» Expanding XSLT using Xalan and C++

October 30, 2014 | cpp development english | Adrian Kummerländer

As you may have noticed I spent the last couple of months developing a static site generation framework in XSLT which is now used to generate this website. This was only possible in pure XSLT by first implementing a set of external functions making functionality such as calling nested transformations, filesystem access and external process spawning available from inside XSLT. I want to use this article to explain how I implemented those functions in C++ using Apache Xalan as a foundation.

Apache Xalan is a Xerces based open source XSLT processor available as both a Java and C++ version. While the former offers more features1 I chose the latter as I wanted to implement the required functionality in C++ both to improve my knowledge of this language and because I enjoy developing in it more than I do in Java. This meant that the additional functionality had to be implemented in terms of external functions called from within XPath expressions instead of additional XSLT elements. While I did not like this limitation at first it turned out to be quite workable as most times the external function calls are wrapped within helper templates anyway.

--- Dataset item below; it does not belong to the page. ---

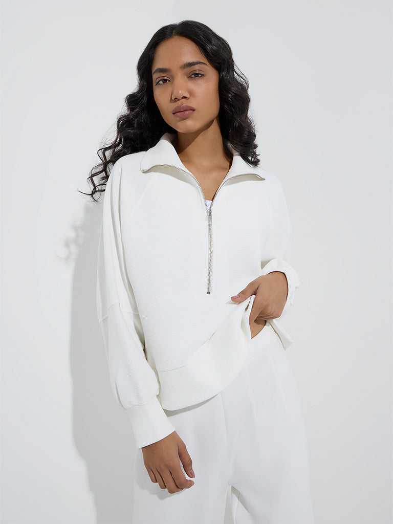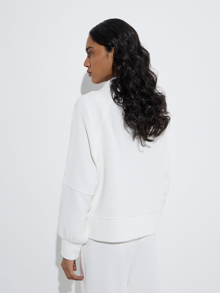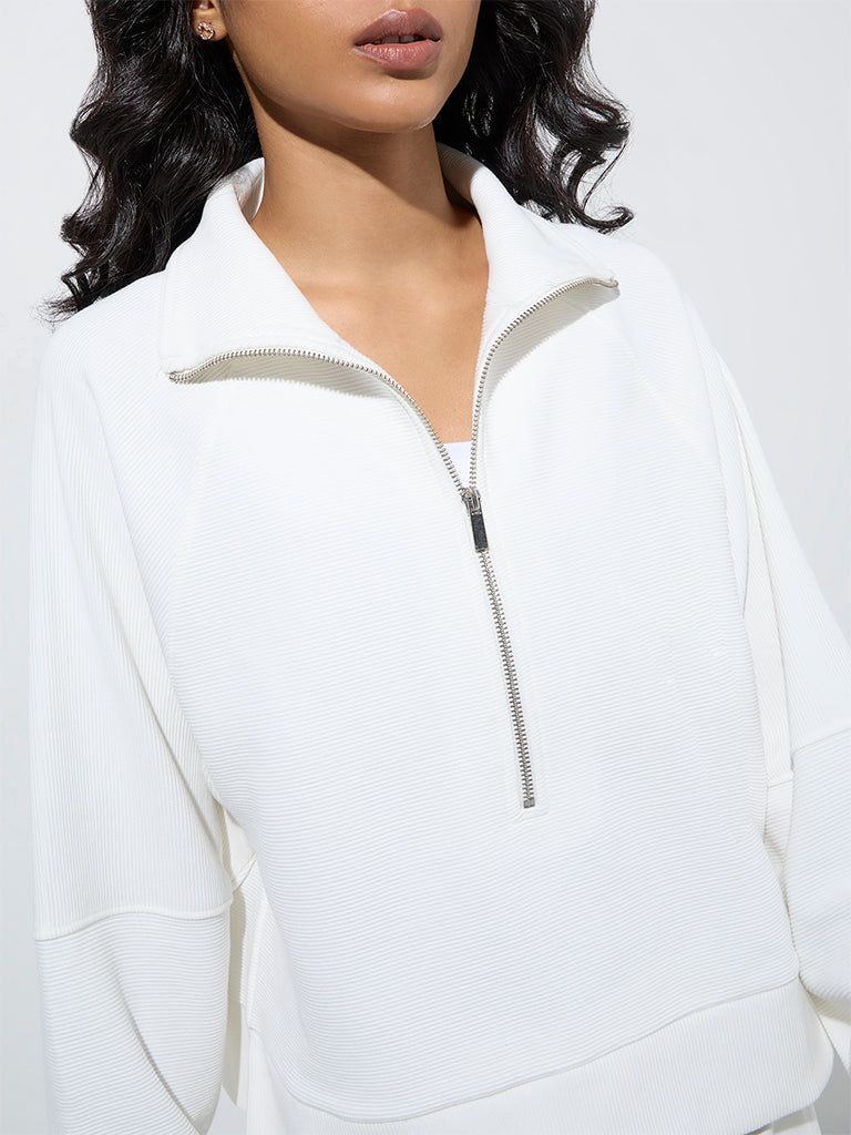 LOV White Ribbed Cotton-Blend Quarter-Zip Sweatshirt

Luckily the Xalan developers anticipated the need for implementing custom functionality on top of their XSLT processor and provided both a xalan::Function interface class and corresponding methods for embedding implementations of this interface into the xalan::XalanTransformer class. Basic usage of this interface is documented quite well but basic usage apparently does not include returning completely new node trees. It seems that while the interface is perfectly sufficient for returning calculation and query results it simply was not designed with returning arbitrary node trees in mind.

Note that I did not find any real documentation on how to return arbitrary node trees from external functions in Xalan and as such had to rely on extrapolating from offhand comments on mailing lists in addition to debugging and reading its implementation. This means that there may be a more straightforward way of doing what I describe in this article. If this should indeed be the case I would be very happy to hear about it.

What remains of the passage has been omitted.